Deep inside of me something amiss
In midst of my soul someone is missed.
The whole world of sadness engulfs
Out of the blue there's a sudden vacuum.

The race towards you is over now
A whole new era comes to an end.
But in my world time stands still
Inside of me your memories linger.

Some touches, some moments I recall
Some talk, some pretty smile stays on.
I sacrifice now and give it all up
But my spirit, my love, still stands tall.

To you, who made all the difference
To you, Who made me live once again.
To you, who gave me something to cheer
To you, for my life I bow to thee.

Wednesday, March 3, 2010

WITH OR WITHOUT YOU

(Just some random thoughts....which doesn't mean much....wrote it on 3rd March, 2010)

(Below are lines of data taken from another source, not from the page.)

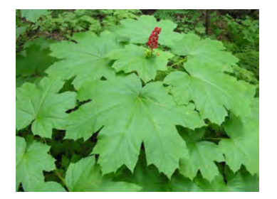
Ch'átiyay -Devil's Club

Through this project we will be looking at ways to harvest and/or transplant as much of the traditional edible and medicinal vegetation along the EGP route as possible prior to its completion.
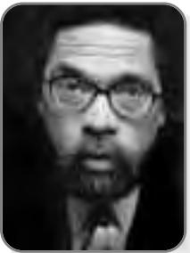
Dr. Cornel West Author and Princeton University Professor
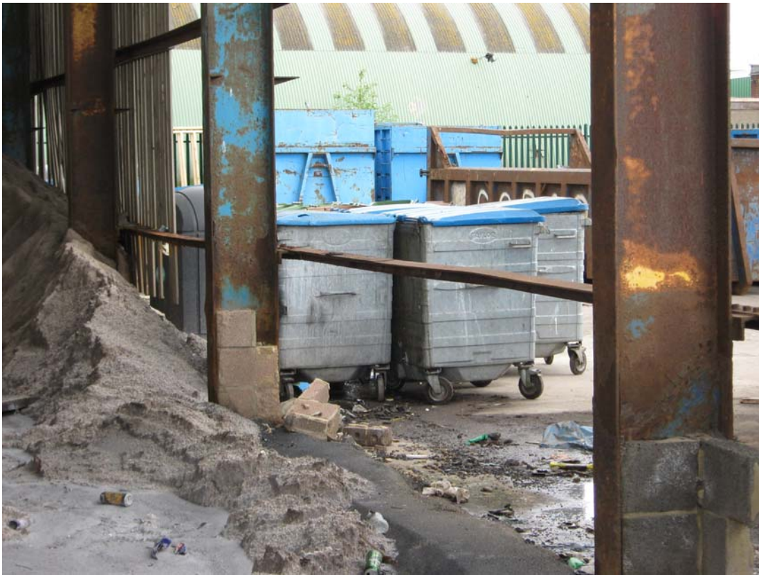
Salt Store Barn - Corroded Steelwork and Missing Masonry Wall
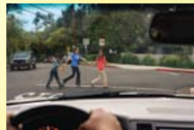
Crizal Sun on Xperio polarized lens

Xperio polarized lenses reduce glare while driving—even glare from the dashboard.
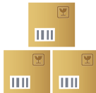
MRO and Asset Management

Once touched by all that love is
I took one step closer to you.
Now saddened by all that love is
I try to run far away from you.

Once surprised by what love is
Tried to remain alert in stillness.
Now I'm hurt by what love is
I yearn for a little of tenderness.

With being defeated by what love is
At the truthful moment of your sight.
Being forsaken by all that love is
Today I no longer wish for my right.

I see the stone set in your eyes
Sleight of hand and twist of fate.
I see the thorn twist in your side
On a bed of nails you made me wait.

Through the storm I reach the shore
With nothing to win yet I wait for you.
My hands are tied and my body is bruised
Yet ‎I live my life, with or without you.